Surely it all comes down to how we understand "God". If we believe in a higher power, is it arrogant to think we can attempt to define it? (Can the created define the creator?) Yet hasn't each civilization attempted to do so? Raised Catholic, it's easiest for me to use Christian terminology in describing matters of faith. But maybe terminology doesn't matter, that God transcends language, time, place and religious verbiage.
When I was very little I talked to God. It was as if I was born knowing Him. I wasn't afraid, and it didn't feel the least big strange. I thought everyone shared this kind of familiarity, but I learned otherwise as I grew older. As my grasp of the world grew, as I gained more life experience, so did my understanding of the divine grow. I studied other religions and fine tuned my beliefs.

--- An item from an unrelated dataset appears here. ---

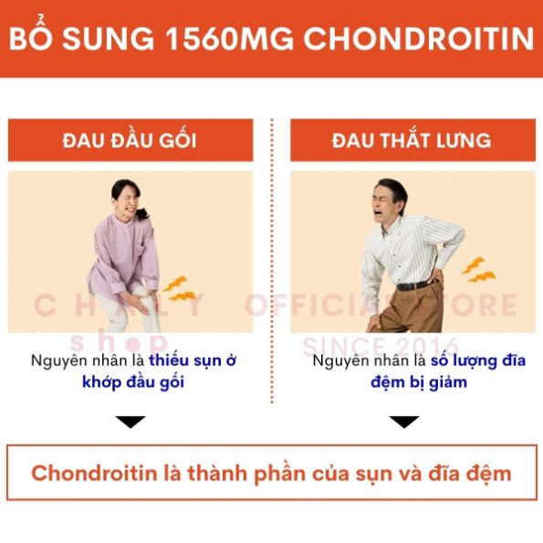 – Chondroitin được cơ thể tự sản sinh ra trước năm 20 tuổi. Tuy nhiên từ 20 tuổi trở đi thì cơ thể ngưng tự sản xuất thêm. Nếu không bổ sung từ bên ngoài để bồi đắp lượng chondroitin thiếu hụt, tình trạng vận động khó khăn, đau nhức cơ khớp sẽ càng ngày càng tăng thêm. Về lâu dài có thể dẫn tới viêm khớp, chấn thương khớp hoặc viêm bao hoạt dịch … – những bệnh lý về khớp nghiêm trọng hơn
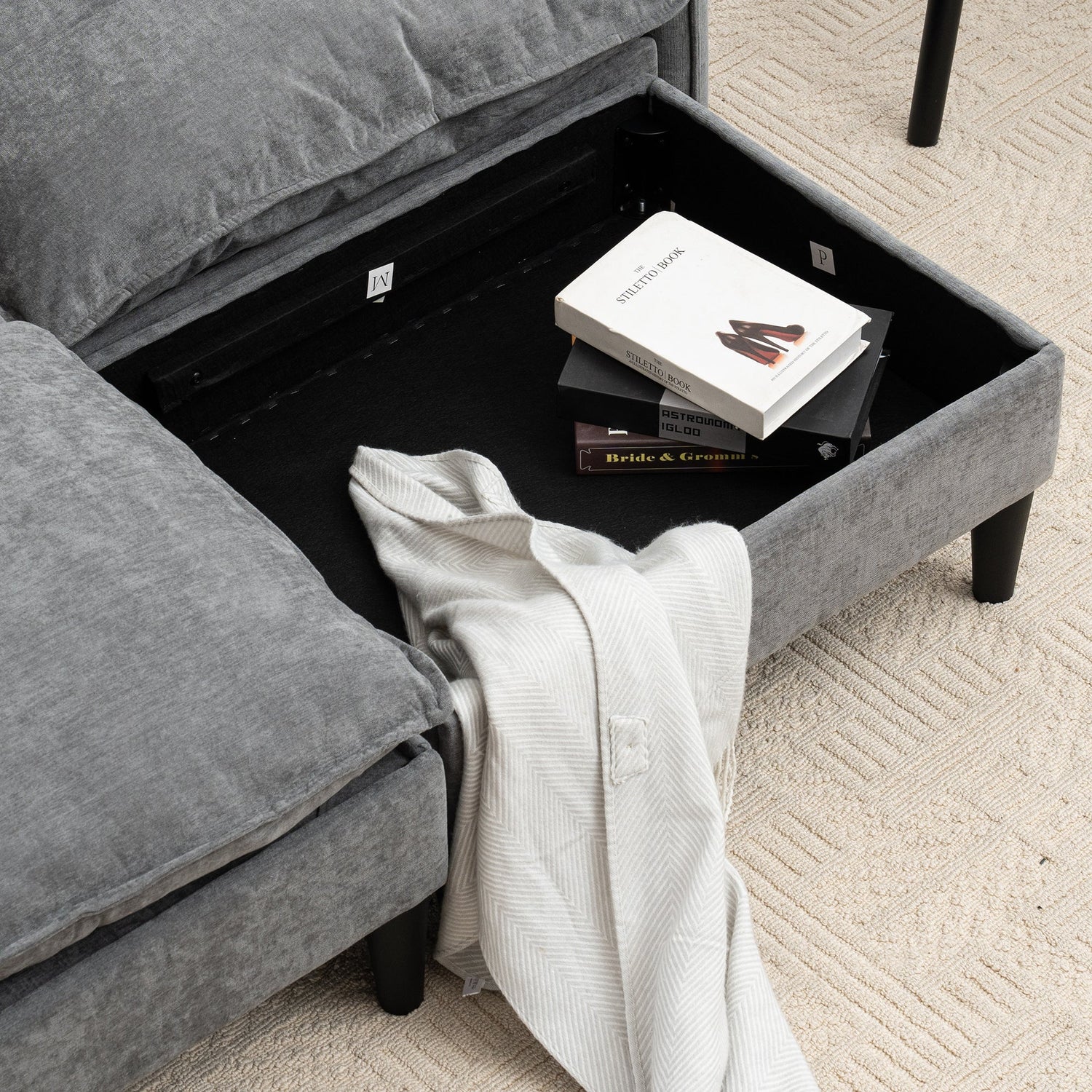 NEW Convertible Combination Gray U-Shaped Sofa with Footstools Storage

I've developed a very loving, gentle, forgiving concept of the divine power. He (or "She" if you prefer) is so much more to me than "creator". I feel like little girl, reaching for the hand of Someone much stronger, wiser, bigger than I am. It's a matter of trusting in that Someone, as I toddle along through life, to help me choose wisely and become the best I can be. That hand might let go now and then when I test my own strength, but it is always there to guide me. After all, spiritually I am a child, so much growing still to be done, so much maturing left to do. Steve calls me a "feral child"... and he's right that there is a wild, reckless, irreverent (artistic?) part of me. Like a child I can be very self-centered and frightened. It's reassuring to know there is a Love that is perfect, there for me always, and to know I am never alone. It sounds simplistic, but one verse sums it up best... "God is Love."
It saddens me to think there are darker views of "the hand of God ". And I've known many people, some Christians infact, who see a God as a punishing scorekeeper, one who bargains with the devil to test us, as in Job.
To me it's a conflict to imagine an indifferent God sitting before a chess board, furrowing his brow and recklessly sacrificing some of us as pawns, in a game of sport for purposes of divine amusement. We are each too precious to be pawns.